Baseline median UACR was 181.5 mg/gCr (interquartile range 47.85, 638.0). Baseline morning, evening, and nocturnal home systolic/diastolic BP was 137.6/82.7 mmHg, 136.1/79.3 mmHg, and 125.4/74.1 mmHg, respectively. After 24 weeks, the logarithm of UACR decreased by 0.37 ± 0.73 (P < 0.001). In addition, changes in morning, evening, and nocturnal home BP from baseline were as follows: morning systolic/diastolic BP - 8.32 ± 11.42/- 4.18 ± 5.91 mmHg (both P < 0.001), evening systolic/diastolic BP - 9.57 ± 12.08/- 4.48 ± 6.45 mmHg (both P < 0.001), and nocturnal systolic/diastolic BP - 2.38 ± 7.82/- 1.17 ± 5.39 mmHg (P = 0.0079 for systolic BP, P = 0.0415 for diastolic BP). Furthermore, the reduction in UACR after 24 weeks significantly correlated with an improvement in home BP profile, but not with changes in other variables, including office BP. Multivariate linear regression analysis also revealed that the change in morning home systolic BP was a significant contributor to the change in log-UACR.
In Japanese patients with T2DM and diabetic nephropathy, dapagliflozin significantly improved albuminuria levels and the home BP profile. Improved morning home systolic BP was associated with albuminuria reduction. Trial registration The study is registered at the UMIN Clinical Trials Registry (UMIN000018930; http://www.umin.ac.jp/ctr/index-j.htm ). The study was conducted from July 1, 2015 to August 1, 2018.
Y-AIDA 研究旨在探讨在伴有白蛋白尿的 2 型糖尿病(T2DM)日本患者中,加用达格列净对肾脏和家庭血压(BP)的调节作用。
我们进行了一项前瞻性、多中心、单臂研究。

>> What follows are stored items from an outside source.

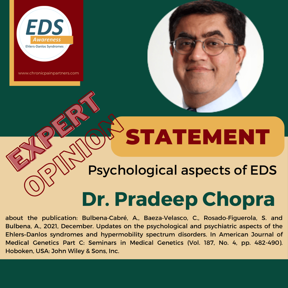 EDS expert and pain specialist Dr. Pradeep Chopra contacted Chronic Pain Partners to speak about a recently published review on the psychological and psychiatric aspects of the Ehlers-Danlos syndromes. Dr. Chopra has been treating complex pain patients, focusing on people with Ehlers-Danlos syndrome, for decades and is a passionate advocate for patients around the world.
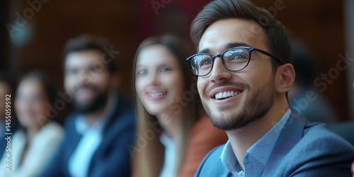 Happy young man with beard and glasses, part of a group of people engaged in discussion or presentation.
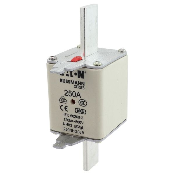 | Ražotāja nosaukums | Fuse-link, LV, 250 A, AC 500 V, NH03, gL/gG, IEC, dual indicator, live gripping lugs |
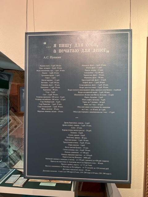 У нас некоторые любят давать обзоры на то, сколько что стоит в магазинах. Вот и А.С. Пушкин считал, что и сколько стоит:
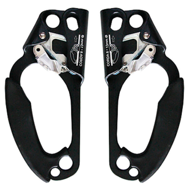 Bloqueador de mão, com punho, utilizado para ascensão/progressão. Simples de usar e eficaz, possui empunhadura moldada garantindo um ergonomia e uma aderência confortável. Possui dispositivo bloqueador mordente (dentado) e conta com dois orifícios localizados na sua parte inferior, facilitando a conexão ao cinto, orifício maior e o pedal ou estribo no orifício menor.
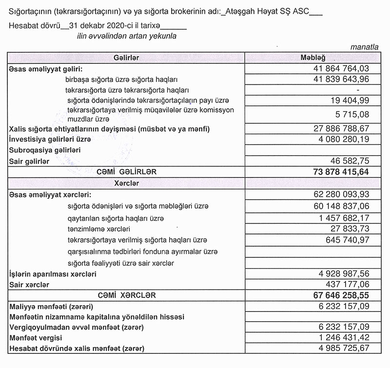 Marja şirkətin maliyyə heabatlarına istinadən xəbər verir ki, “Atəşgah Həyat” Sığorta Şirkətinin 2019-cu ildə 36 milyon 942 min manat təşkil etmiş cəmi əməliyyat gəlirləri 2020-ci ildə 73 milyon 878 min manata yüksəlib (2 dəfə artıb). Artım əsasən xalis sığorta ehtiyatlarının müsbətə dəyişməsindən qaynaqlanır.
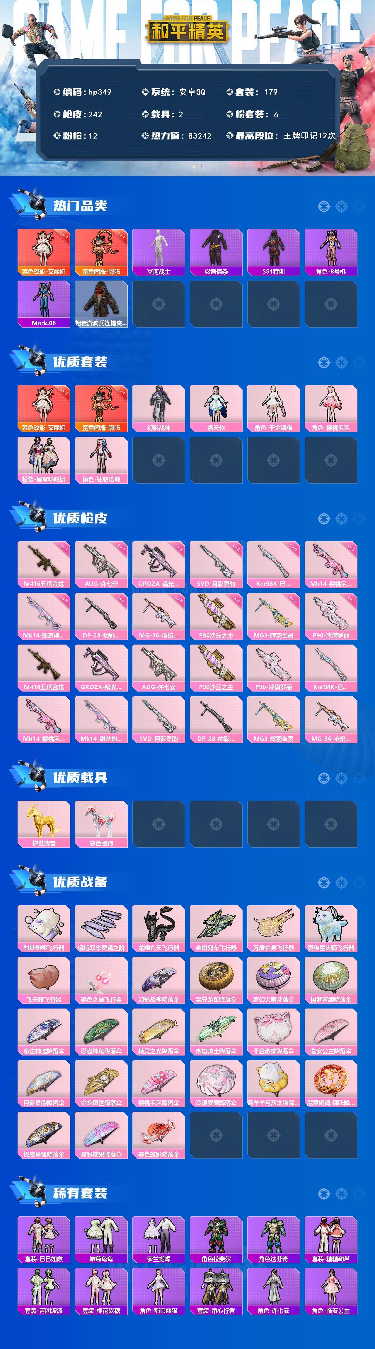 [17017634]安卓 手Q-2神装-6粉装-12特效枪-2载具-8粉色飞行器-83242热力值-12王牌印记-179套装-242枪皮 【红色神装等级】:暮色玫影-艾丽娅(三级),魔童闹海-哪吒(一级) 【红色角色神装】:暮色玫影-艾丽娅,魔童闹海-哪吒 【热门品类】:套装-冥河战士,套装-忍者信条,套装-SS1特训,角色-8号机,角色-Mark.06,熔岩游骑兵连帽夹克 【粉色套装】:粉装-幻影战神,角色-洛天依,角色-千金淑猫,角色-樱桃泡泡,粉装-星穹咏叹调,角色-狂魅哈莉 【粉色枪皮等级】:M416-五爪金龙(七级),GROZA-镜光银凌(五级),AUG-许七安(七级),P90-沙丘之主(三级),P90-冷漠罗丽(一级),Kar98K-巳巳如意(五级),Mk14-樱桃泡泡(五级),Mk14-甜梦熊击(五级),SVD-月影灵韵(五级),DP-28-豹影疾电(五级),MG3-辉羽雀灵(三级),MG-36-沧焰双生(五级) 【粉色载具】:护世瑞兽,暮色幽蹄 【粉色枪皮】:M416-五爪金龙,GROZA-镜光银凌,AUG-许七安,P90-沙丘之主,P90-冷漠罗丽,Kar98K-巳巳如意,Mk14-樱桃泡泡,Mk14-甜梦熊击,SVD-月影灵韵,DP-28-豹影疾电,MG3-辉羽雀灵,MG-36-沧焰双生 【粉色飞行器】:酣梦熊熊飞行器,镜域双华-灵镜之阶,龙翔九天飞行器,幽焰列车飞行器,万象金身飞行器,灵猫魔法师飞行器,飞天猪飞行器,暮色之舞飞行器 【粉色降落伞】:幻影战神降落伞,至尊龙雀降落伞,梦幻火箭降落伞,闲梦青缨降落伞,魔法神域降落伞,忍者神龟降落伞,精灵之光降落伞,幽焰骑士降落伞,千金淑猫降落伞,临安公主降落伞,月影灵韵降落伞,金蛇镇世降落伞,樱桃泡泡降落伞,冷漠罗丽降落伞,喜羊羊与灰太狼降落伞,魔童闹海 哪吒降落伞,极意拳锋降落伞,炫彩糖果降落伞,暮色玫影降落伞 【稀有套装】:套装-巳巳如意,套装-雪国风尚,套装-雏菊兔兔,套装-萝兰蝴蝶,角色-拉斐尔,角色-达芬奇,套装-糖糖葫芦,套装-青团波波,套装-棉花软糖,角色-都市丽猫,套装-净心行者,角色-许七安,角色-临安公主,角色-怀庆长公主,角色-俏兔智灵,角色-光矢逐梦,套装-燕燕于飞,套装-鱼渊荷华,角色-糖霜甜心,角色-蜜桃派对,套装-粉恋花,套装-紫幽梦,套装-蓝冰羽,角色-幽澜祭司,套装-星影赞美诗,套装-
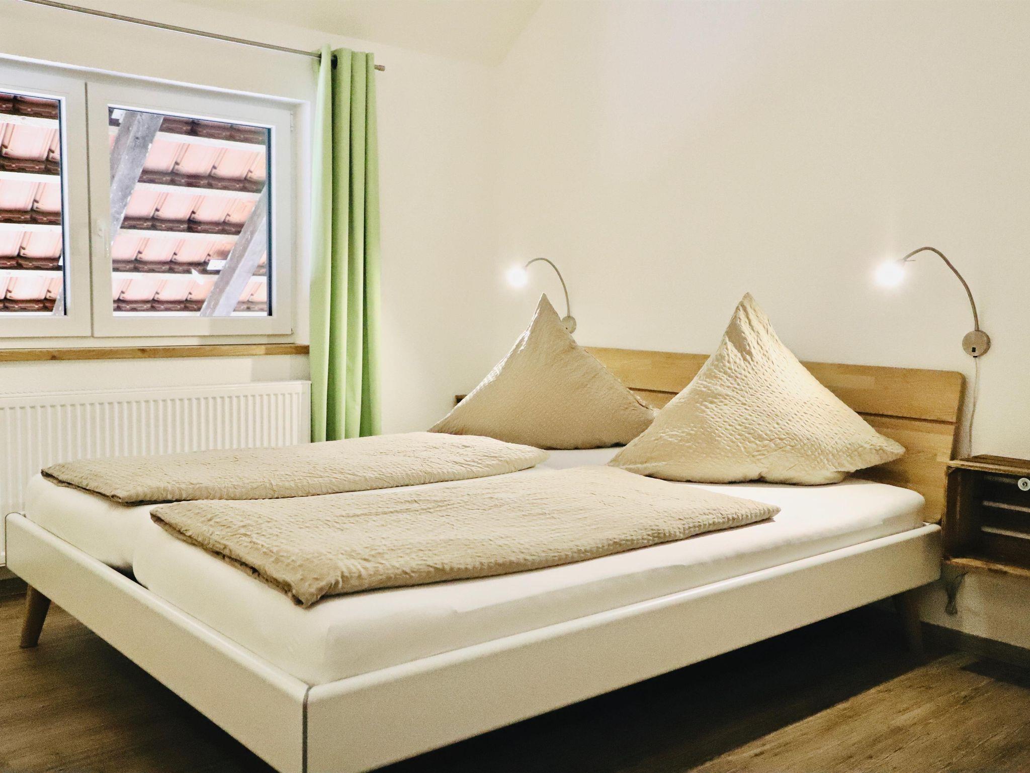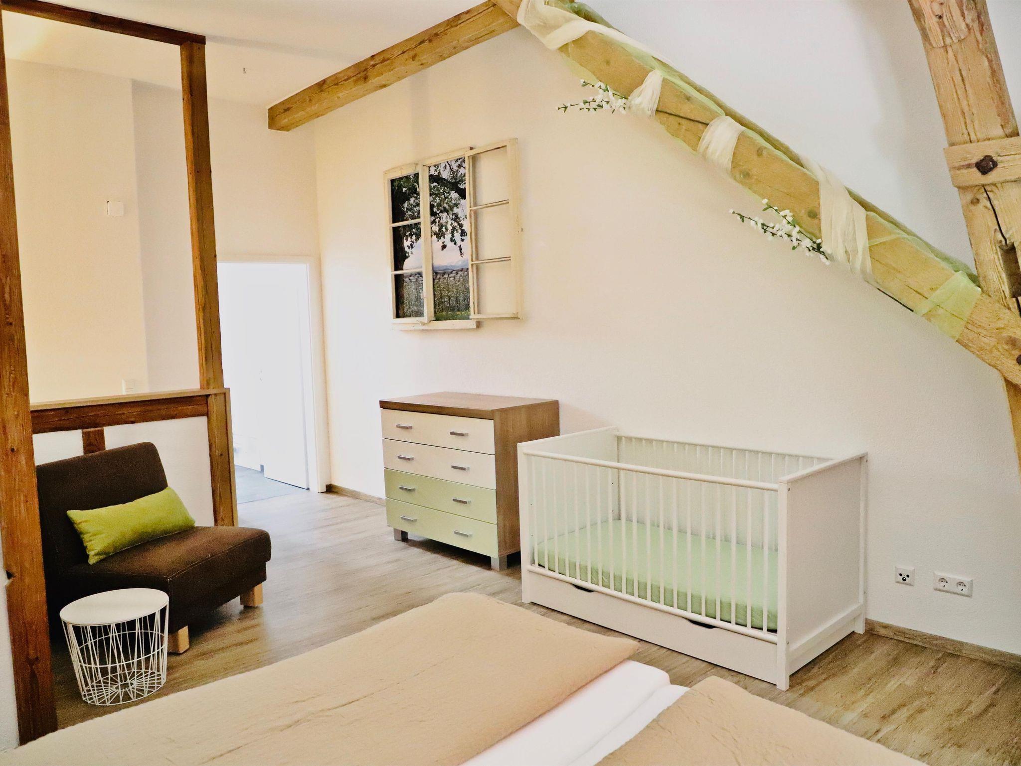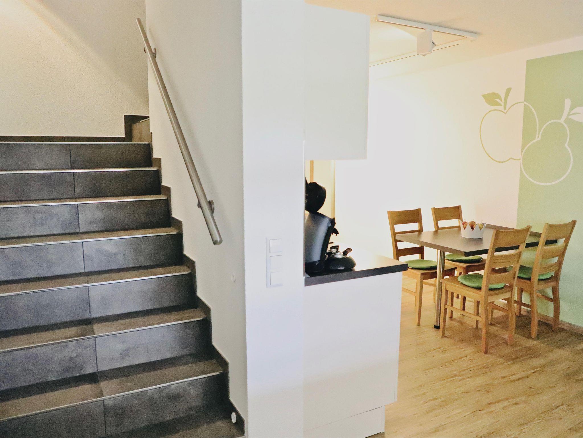 Unsere Maisonette-Ferienwohnung „Im Obstgärtle“ - benannt und entsprechend eingerichtet nach unserem Tätigkeitsbereich Herstellung von Obstbränden - ist etwa 55 m² groß und erstreckt sich über das Ober- und Dachgeschoss. Im unteren Stockwerk befindet sich ein gemütlicher Wohn-, Essbereich mit gut ausgestatteter Küchenzeile. Im oberen offenen Stockwerk liegt das Schlafzimmer – extra auch für „Große“ mit einer Bettenlänge von 2,20 m – sowie das Badezimmer mit begehbarer Dusche. Möglichkeit einer Schafcouch und eines Ausziehbettes ermöglichen auch eine Übernachtung von bis zu vier Personen. Baby- bzw. Kleinkindausstattung inkl. Treppenschutzgitter ist vorhanden. Im Garten steht Ihnen eine bevorzugte Sitzmöglichkeit zur Verfügung.
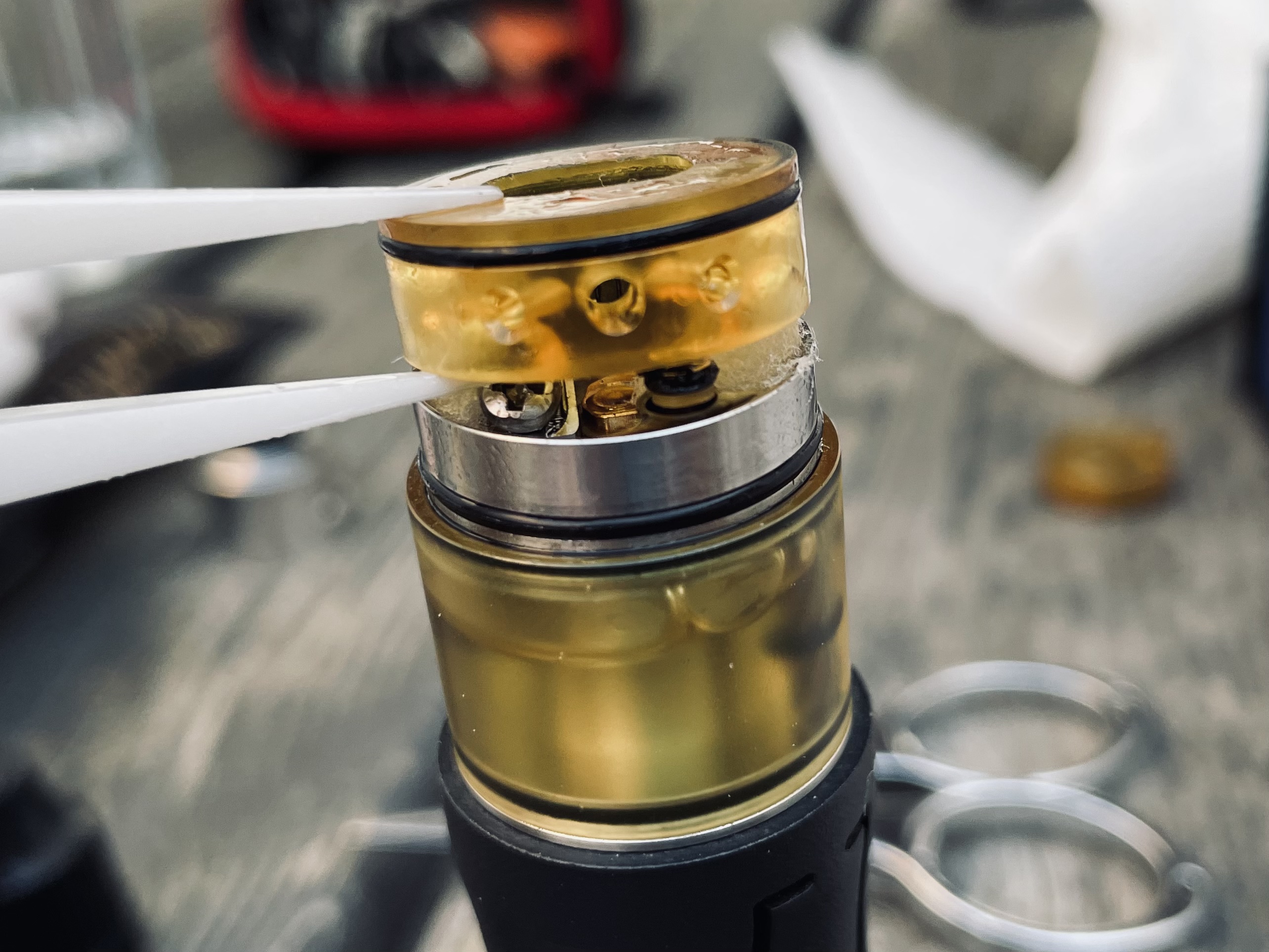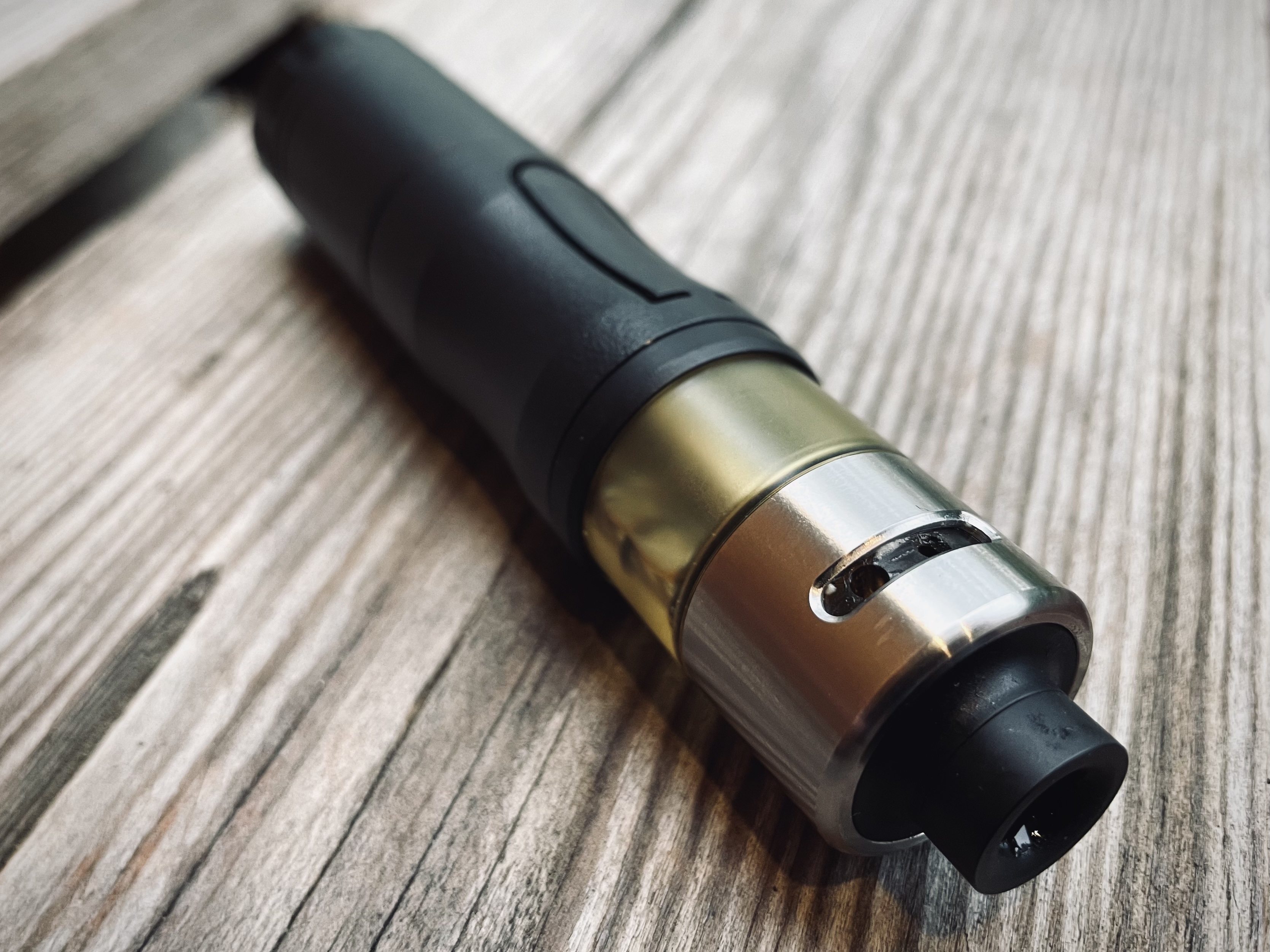 Durch Drehen der Topcap verschließt man die nicht benötigten Kanäle und hat so „Out of the Box“ schon mal 5 verschiedene Airflow-Einstellungen im restriktiven DL Bereich. Wobei die voll geöffnete Airflow nicht wirklich restriktiv ist. Auf kleinster Airflow (2x1,5mm) ist er seeehr restriktiv. Kein MTL aber irgendwo dazwischen (gibts offenes MTL? 👀)…

共纳入 86 例 T2DM 患者,HbA1c 7.0-10.0%,估算肾小球滤过率(eGFR)≥45 mL/min/1.73 m 2 ,尿白蛋白与肌酐比值(UACR)≥30 mg/g 肌酐(gCr),其中 85 例患者加用达格列净治疗 24 周。主要和关键次要终点分别为 24 周时 UACR 自然对数值的变化和 24 周时家庭 BP 谱的变化。
基线时 UACR 的中位数为 181.5 mg/gCr(四分位距 47.85,638.0)。基线时清晨、傍晚和夜间家庭收缩压/舒张压分别为 137.6/82.7 mmHg、136.1/79.3 mmHg 和 125.4/74.1 mmHg。24 周后,UACR 的对数值下降了 0.37±0.73(P<0.001)。此外,与基线相比,清晨、傍晚和夜间家庭 BP 的变化如下:清晨收缩压/舒张压-8.32±11.42/-4.18±5.91 mmHg(均 P<0.001),傍晚收缩压/舒张压-9.57±12.08/-4.48±6.45 mmHg(均 P<0.001),夜间收缩压/舒张压-2.38±7.82/-1.17±5.39 mmHg(收缩压 P=0.0079,舒张压 P=0.0415)。此外,24 周后 UACR 的降低与家庭 BP 谱的改善显著相关,但与其他变量(包括诊室 BP)的变化无关。多变量线性回归分析还表明,清晨家庭收缩压的变化是 UACR 对数变化的一个显著贡献因素。
在伴有糖尿病肾病的日本 T2DM 患者中,达格列净显著改善了白蛋白尿水平和家庭 BP 谱。清晨家庭收缩压的改善与白蛋白尿减少有关。